— Required action —
Your answer should be the lines below from the one with "Kindergarten table and" to the one with "- The colors", both included, given again exactly and with nothing added.
Given data START
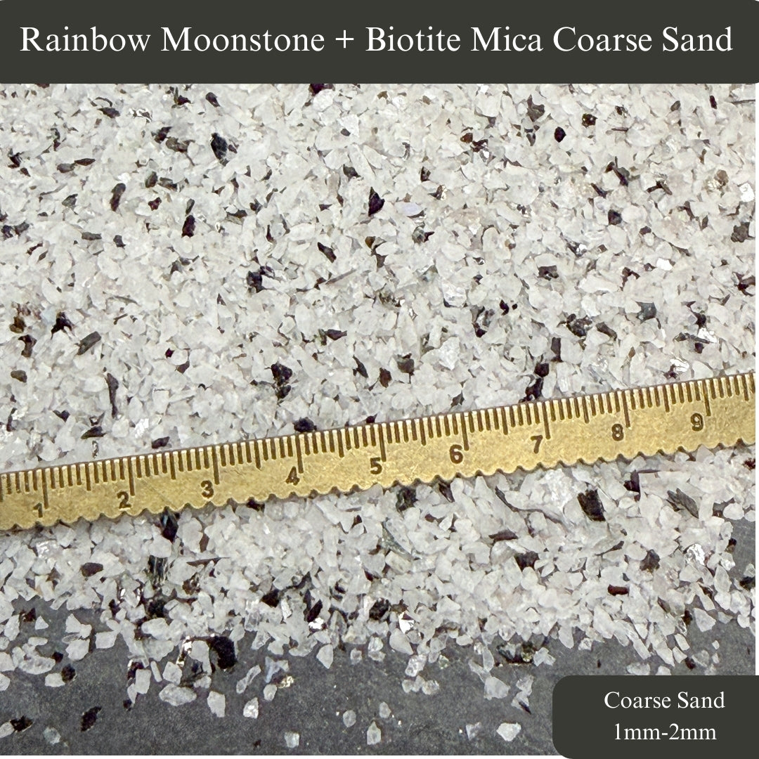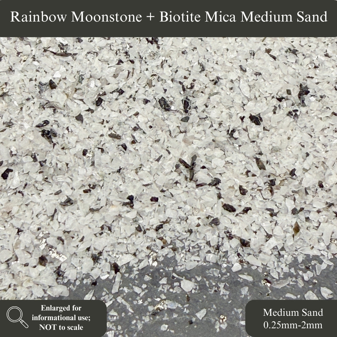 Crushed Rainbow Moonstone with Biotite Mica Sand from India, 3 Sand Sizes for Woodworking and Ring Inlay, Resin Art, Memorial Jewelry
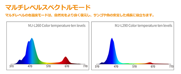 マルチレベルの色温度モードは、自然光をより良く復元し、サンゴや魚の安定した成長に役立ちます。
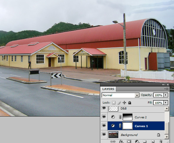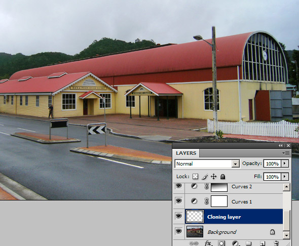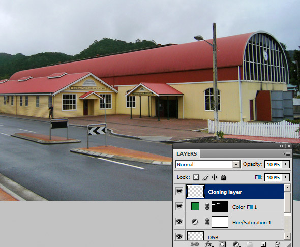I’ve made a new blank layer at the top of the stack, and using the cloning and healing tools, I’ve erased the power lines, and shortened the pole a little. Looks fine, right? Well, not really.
Given data END
Given data START
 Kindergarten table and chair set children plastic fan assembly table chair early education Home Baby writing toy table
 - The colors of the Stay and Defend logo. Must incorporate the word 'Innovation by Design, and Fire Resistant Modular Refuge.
Given data END
Given data START
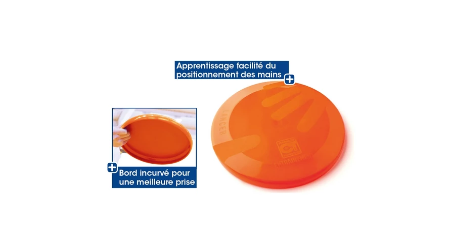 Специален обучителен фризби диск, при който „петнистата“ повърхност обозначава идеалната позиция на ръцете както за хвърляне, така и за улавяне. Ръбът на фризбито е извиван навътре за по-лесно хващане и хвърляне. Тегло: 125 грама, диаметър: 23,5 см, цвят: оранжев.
Given data END
— Response for this exercise —
 Kindergarten table and chair set children plastic fan assembly table chair early education Home Baby writing toy table
 - The colors of the Stay and Defend logo. Must incorporate the word 'Innovation by Design, and Fire Resistant Modular Refuge.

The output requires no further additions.